Paper long abstract:
AI has profound implications for First Nations peoples in Australia and internationally. In particular, as a result of digital and online application of information and communication technologies it has given rise to a paradigm shift in the way governance is conducted globally. The fast-growing field of Electronic or E-Governance appears to offer potentially powerful digital tools for enacting self-determined governance; including how First Nation governments and representative organisations make collective decisions, manage information, transact business, provide services, and take actions on behalf of their citizen members, as well as for how citizen members participate in their own nation’s governance. However E-Governance also comes with considerable challenges (cultural, political, economic and social) that have the power to undermine self-determined Indigenous participation and voice, and perpetuate unequal power relations.
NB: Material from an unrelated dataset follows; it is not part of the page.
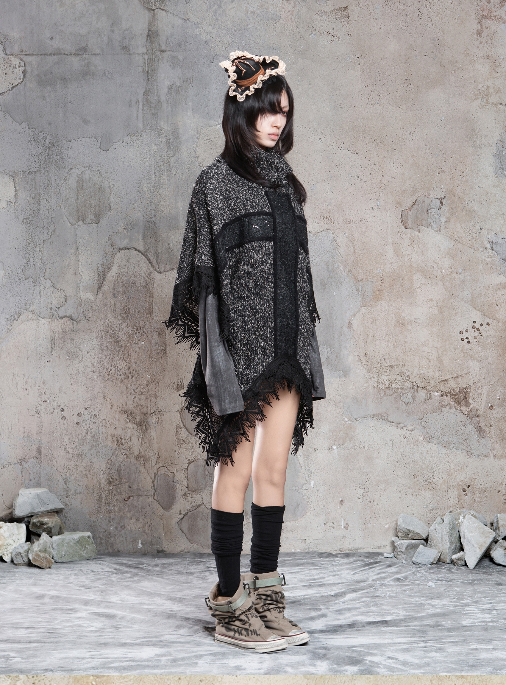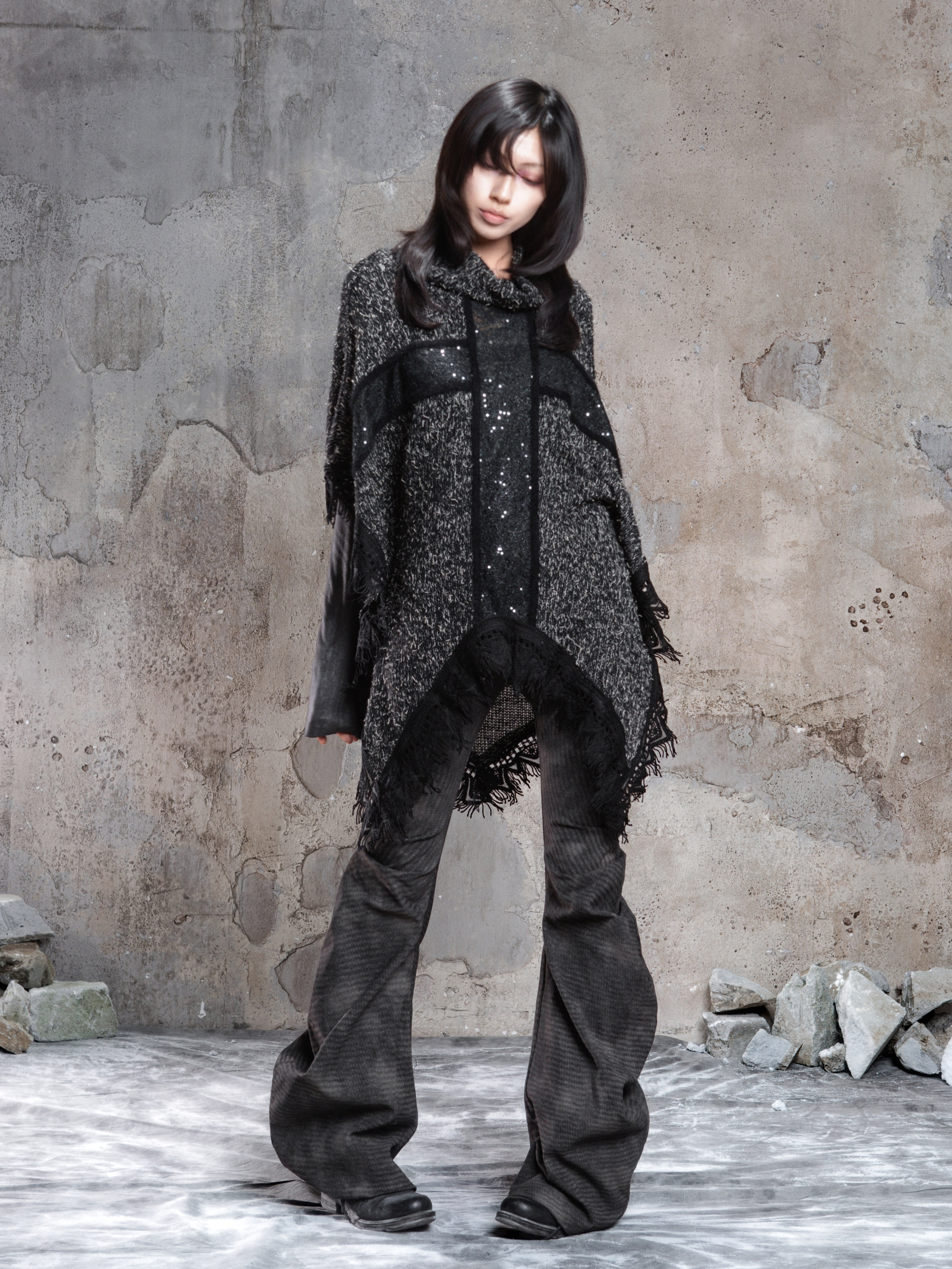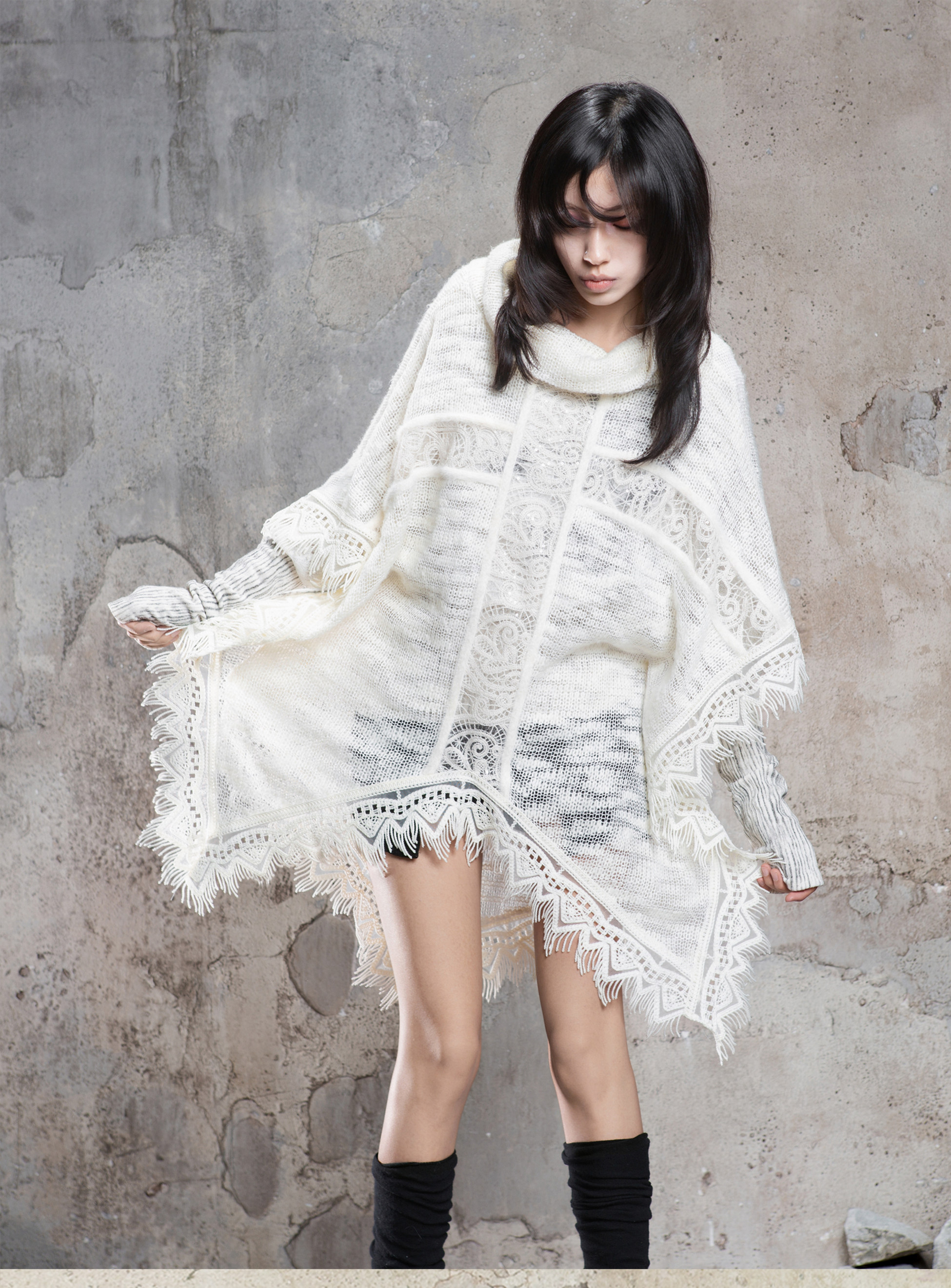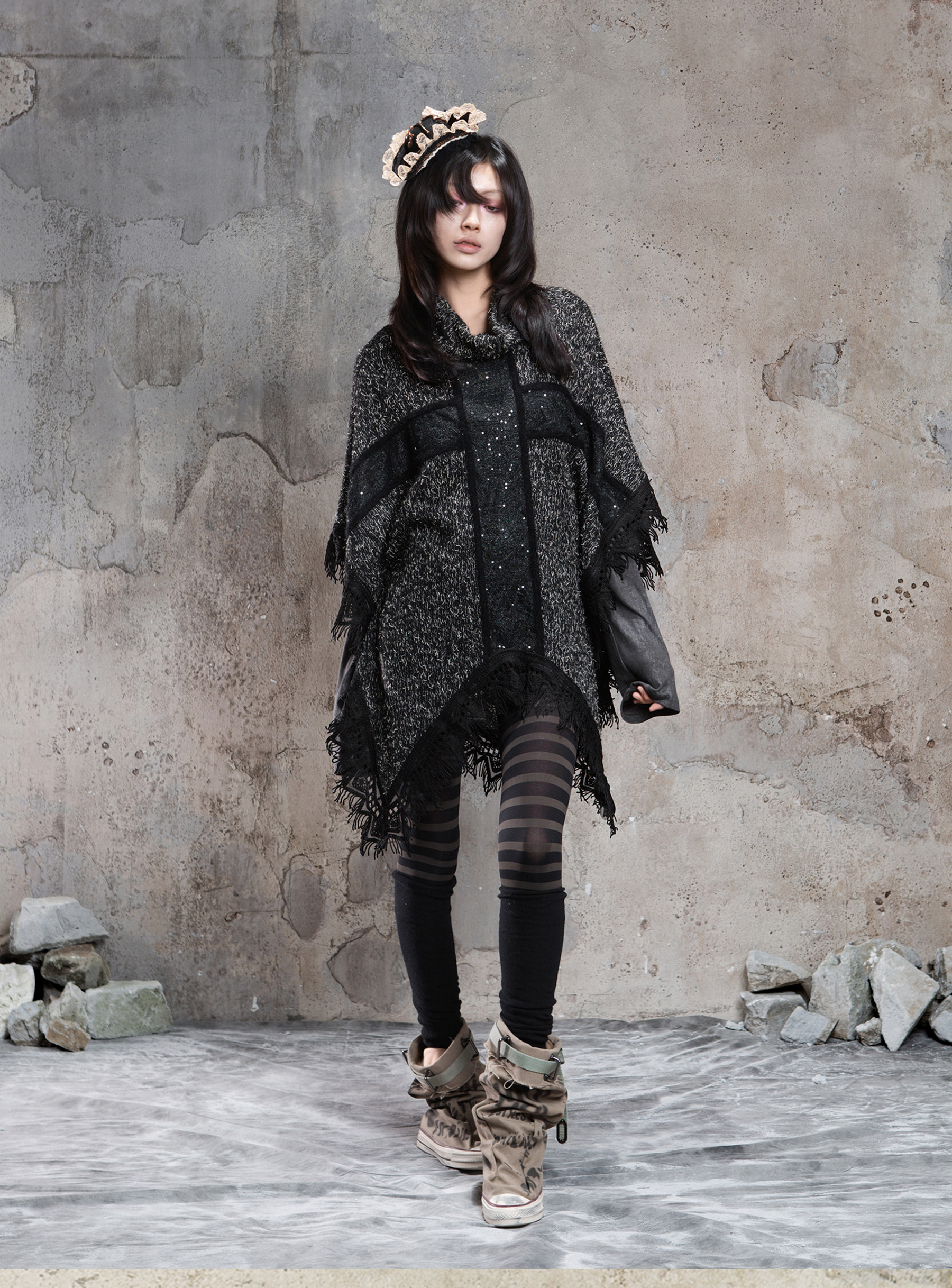 Punk Cross Cape Asymmetric Fringe Knit Sweater NA8355

Indigenous peoples in Australia are creatively exploring, strategically adopting and customising digital tech – giving rise to digital hybridities imbued with their cultural imperatives and values. Sometimes these are the result of deliberate innovation, sometimes in response to dire circumstances such as the Covid-19 Pandemic. But there is also a digital divide in Australia owing to the ongoing impacts of settler colonialism, and now its digital normalisation of Western values, rules and lifestyles. In this context of both great promise and great risk, the paper draws on research to address the question: How can E-Governance be governed by First Nations in self-determined ways? At the heart of this question lie many others: Is the Indigenous digital divide leading to an E-Governance divide? Is it possible to have culture-centred E-Governance? Can AI algorithms be decolonised? How might Indigenous Nations exercise digital sovereignty? What principles that might inform digital sovereignty and E-Governance by Indigenous peoples?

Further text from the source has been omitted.